Summer Food Safety

May 20, 2013 in Family and Consumer Sciences, Feature

grillSummer holidays give us a break from school and work but providing safe food for your family should never take a vacation.  A combination of warmer temperatures and more foods prepared and served outdoors can lead to an increase in foodborne illness. Remembering four simple principles can help ensure you and your family do not fall victim to illness associated with the food you prepare; clean, separate, cook, and chill.

CLEAN-Preparing food on a clean surface is essential to food safety.  Thoroughly washing those nutritious fresh fruits and vegetables before chopping is very important. Just because you don’t eat the skin of a melon it still needs to be washed.  Cutting through the outside brings all the bacteria from everything the melon came in contact with-even the hands of the person at the market who picks up every melon to get the perfect specimen. For more information check out the “Washing Produce Factsheet”.

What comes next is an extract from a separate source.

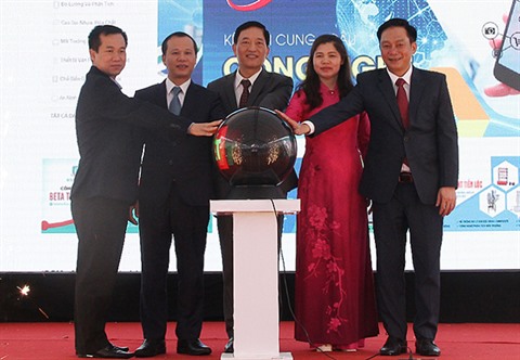 | Le vice-ministre des Sciences et des Technologies, Trân Van Tùng (centre) lors de la cérémonie d'inauguration d'une plateforme virtuelle de commerce de technologies et équipements de la province de Bac Giang. |

SEPARATE-The slow pace of summer may make it easy for us to forget or become lax in keeping raw and ready to eat foods separate. Cross contamination can occur if you pack raw burgers in the same cooler as the lettuce and tomato without sealing foods in separate containers.

COOK-This is an area where guessing can be dangerous.  Using a calibrated meat thermometer is the only way to accurately measure the temperature of cooked meats-even if they are being cooked on a very hot grill. If foods are not cooked to the recommended temperature, naturally occurring pathogens can thrive and make you or your family sick. For more information on cooking temperatures read about Thermometer Placement & Temperatures on the USDA’s website.

CHILL-With temperatures soaring into the 90’s it doesn’t take long for food to get into the temperature danger zone.  40°-140°F is the temperature that pathogens love.  They multiply to unsafe levels if food is left in that range for 2 hours or more.  Keeping all meats, dairy products, eggs and cut fruits and vegetables below 40° should be the goal.  Of course a cooler full of ice, frozen water bottles or juice boxes will keep those perishable foods safe.  When serving cold items set the bowl of cold food in a bowl of ice to keep it chilled.

Using these guidelines will ensure a safe food summer with many fun healthy gatherings.